We use Legato's Savepnpc facilities to shutdown and restart our
databases. Here is a link from April, 1999 which describes what exactly
Savepnpc is , how to use it, and common problems often seen when using
it.
Subject: SUMMARY: NSR savepnpc - what am I doing wrong.
http://www.ornl.gov/its/archives/mailing-lists/tru64-unix-managers/1999/04/msg00028.html
We would now like to add another common problem to our list of common
problems which we created in April of 1999.
On August 4 we tried the following experiment which is explained in
more detail in the next summary.
Subject: SUMMARY: How do I automatically start up the V2 Oracle
Listener after a re-boot?
http://www.ornl.gov/its/archives/mailing-lists/tru64-unix-managers/2001/08/msg00082.html
Anyway I'll cut and paste the important snippet below.
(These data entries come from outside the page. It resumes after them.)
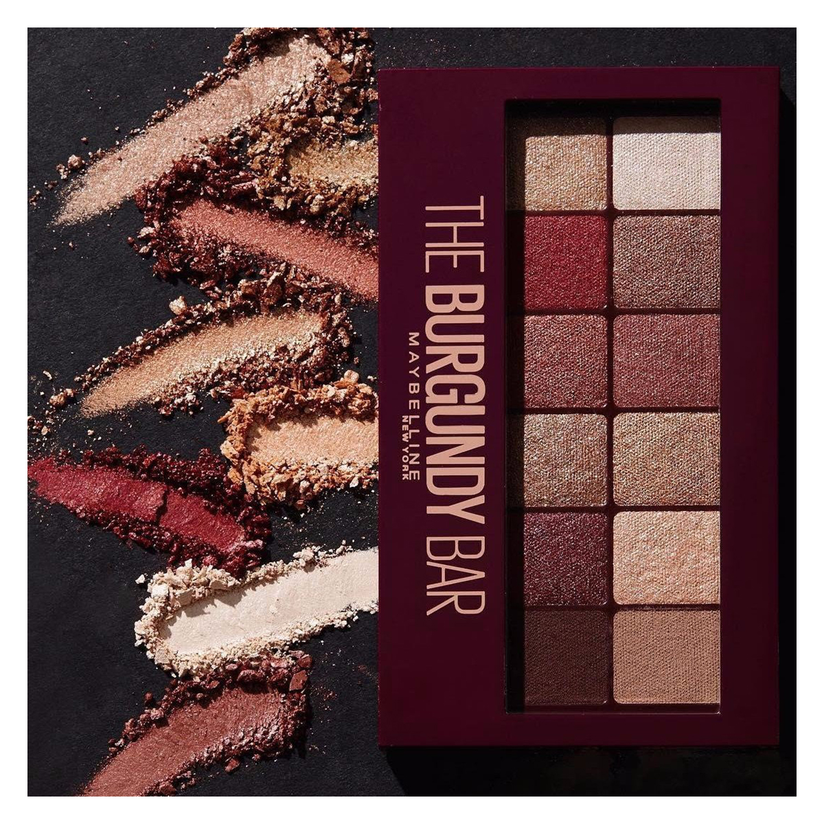 Η Maybelline The Burgundy Bar Eyeshadow Palette διαθέτει 12 σκιές ματιών σε βαθιά βουργουνδί απόχρωση με ελαφρύ shimmer.
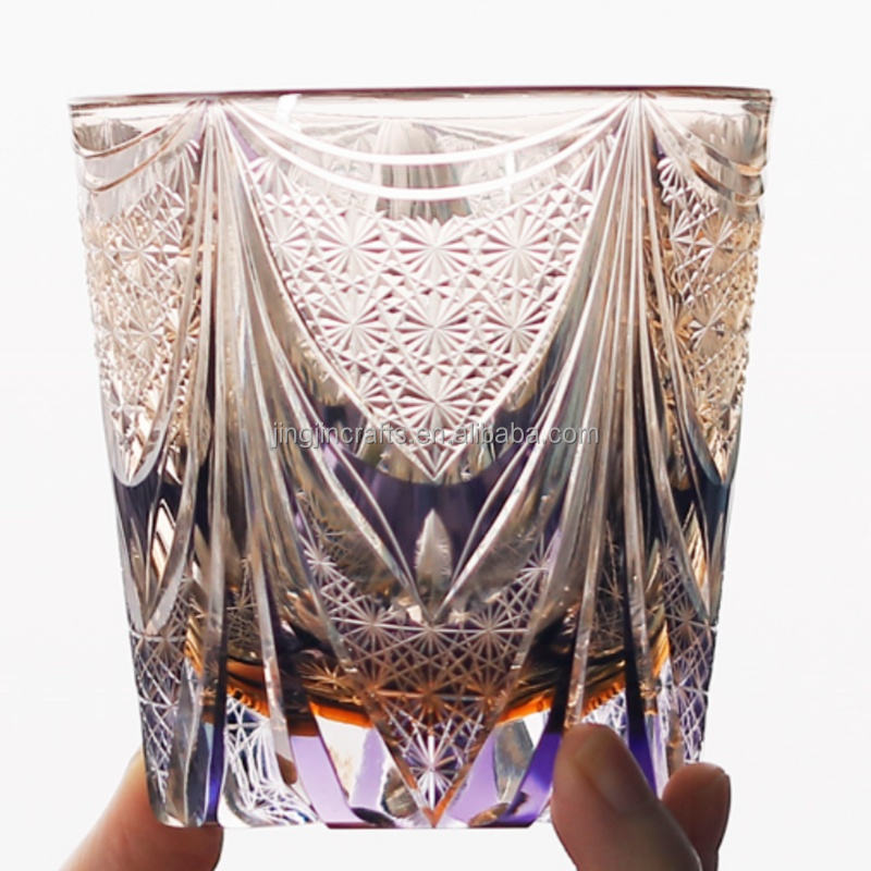 Vaso de whisky de vidrio grabado Edo Kiriko japonés de lujo de 11 oz, rocas heladas de ámbar púrpura antiguas, 320ml con caja de regalo
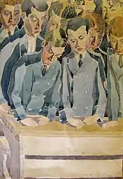 In 1919, he resumed his studies at the Academy with Yulian Pankevych, among others. After graduating, he worked as a drawing teacher; initially at the Stanislaus Ukrainian Gymnasium (1920-1926). After 1925, he was a regular contributor to the satirical magazine Zyz (Squint), published in Lviv. One of his contributions was an unflattering caricature of the school's Director, which resulted in his dismissal.[2] He then went to teach in Sniatyn (1926-1928).[1] While there, he met and married Maria Karpyuk (1900-1978), a pupil of Oleksa Novakivskyi.[3] They returned to Ivano-Frankivsk, where he had been offered a job at the gymnasium.
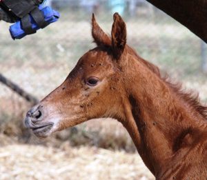 We have tried for four years to get sentimental favourite mare Aloha Crystal Bell in foal in hope of breeding a daughter from her to continue the line, as she is a sister to Heather’s retired FEI horse Aloha Titan and was herself an Australian Champion. It was cause for celebration last year when the old girl finally went in foal via live cover with Belcam Coalac (Capone x Grannus II). Well, this morning the much-anticipated foal arrived – a COLT!! Please meet the (thankfully very cute) Cooramin Crackerjack! He will be for sale at a very affordable price.
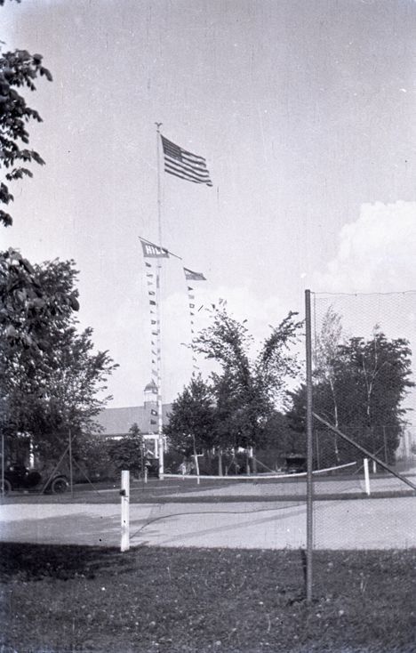 Negative of a tennis court with a flag pole flying the American flag with two smaller flags with lines of even smaller flags attached to them in the background. One of the small flags says "Hill" and the other most likely says "Hotchkiss." Most likely taken by Mary Ives Baldwin. This item is not fully cataloged but has been uploaded so the image is publicly available; if you would like us to prioritize cataloging this item, please contact the HSL Collections team.

Applied
correctly this will fix our problem.
We changed the shutdown command in $ORACLE_HOME/bin/dbshut from a
NORMAL shutdown which is the default to
an immediate shutdown. I'm not sure if this is a "good practice" or
not but we are giving it a try. We changed a line of code in this
script
from #shutdown to #shutdown immediate. Some day we may back out of
this change. The /sbin/init.d/oracle script we are using brings down
the
Listener first then it brings down the database. We are currently
experimenting with an IMMEDIATE shutdown. I'm not a DBA but it seems
to
me since we have already pulled the "listening rug" out from under the
user processes there might now not be much difference between a NORMAL
and IMMEDIATE shutdown so I don't know if we are buying anything with
this change. We will watch it and monitor for problems. If you guys
think there is a problem with using IMMEDIATE please let me know.
Check this out. There was a note labeled "Additional Information" in
the
Oracle metalink document and I'll quote it for you now.
"The default shutdown performed by dbshut is a normal "shutdown".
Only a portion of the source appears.